A mythological Norse beast may have just been a weird, hungry whale
The folktale monster ate with its mouth extremely wide open—which is how some cetaceans gulp up fish in real life.
For as long as people have been telling stories, fables and legends have been used to explain the forces of nature. The Greeks made up tales of gods and heroes to teach why we have changing seasons or why misery and evil exist in the world. Medieval folktales rattled on about unicorns and men with dog heads. Norse mythology talked about giant sea monsters lurking in the ocean, ready to devour fish and ships that dared cross their path.
As far-fetched as these stories were, many hold a grain of truth, or were at least inspired by real encounters. Famed traveler Marco Polo, for example, believed he saw the first unicorn when he first laid eyes on an Indian rhinoceros. The latest example of animal mix-ups could explain a giant, mythical ocean beast, called the hafgufa, of Norse sagas. A study published Tuesday in Marine Mammal Science found that the feeding behavior in whales is similar to ancient Scandinavian texts describing the monstrous animal.

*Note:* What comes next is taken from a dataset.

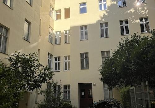 Baujahr um 1900 gepflegtes Gemeinschaftseigentum liebevoll gestalteter Innenhof Hinterhaus gepflegt gut geschnitten Kunststofffenster Laminatboden Wandschrank Hängeschränke im Flur Tageslichtbad mit Badewanne Keller ...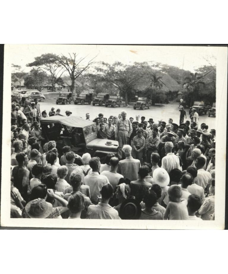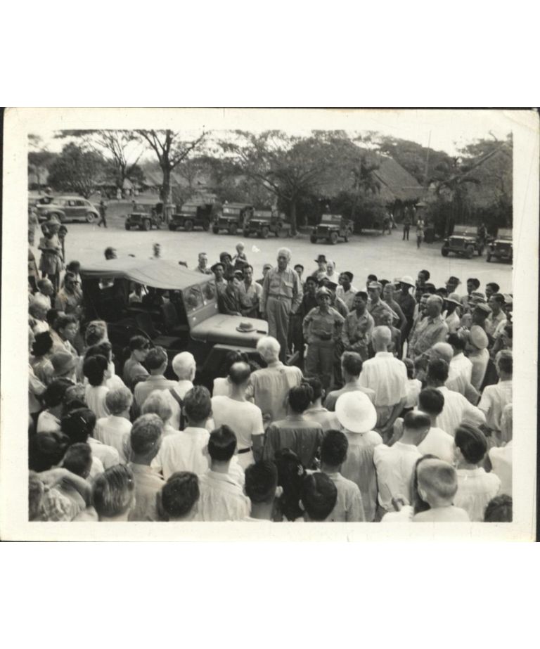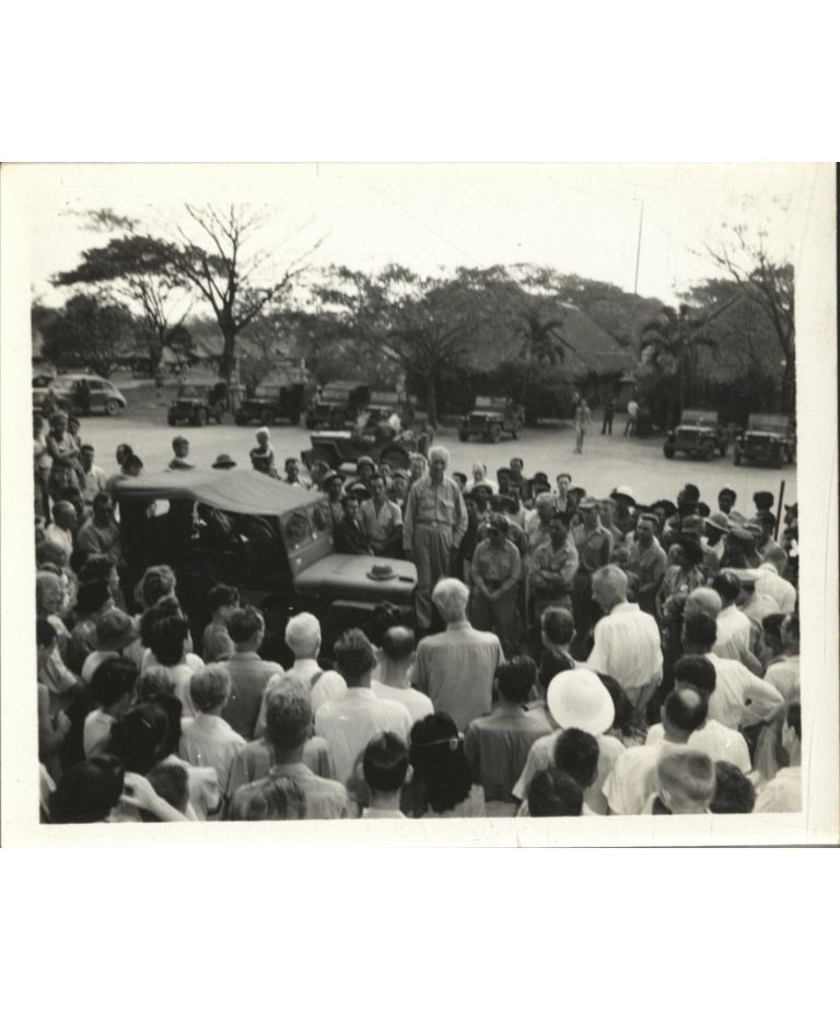 [Untitled - Philippine president Sergio Osmena speaks to crowd of freed detainees, Santo Tomas Internment Camp].

The hafgufa, a sea creature first mentioned in the 13th century in Old Norse mythology, was believed to have roamed Icelandic waters. It would lie in wait on the ocean’s surface, emitting a perfume that would lure fish into its wide-open mouth. Though described in several Norwegian tales, scholars were mystified about its origins. Some postmedieval historians have argued it was a derivative of other mythical creatures, such as mermaids or the Kraken. Other texts referred to it as a type of whale-fish.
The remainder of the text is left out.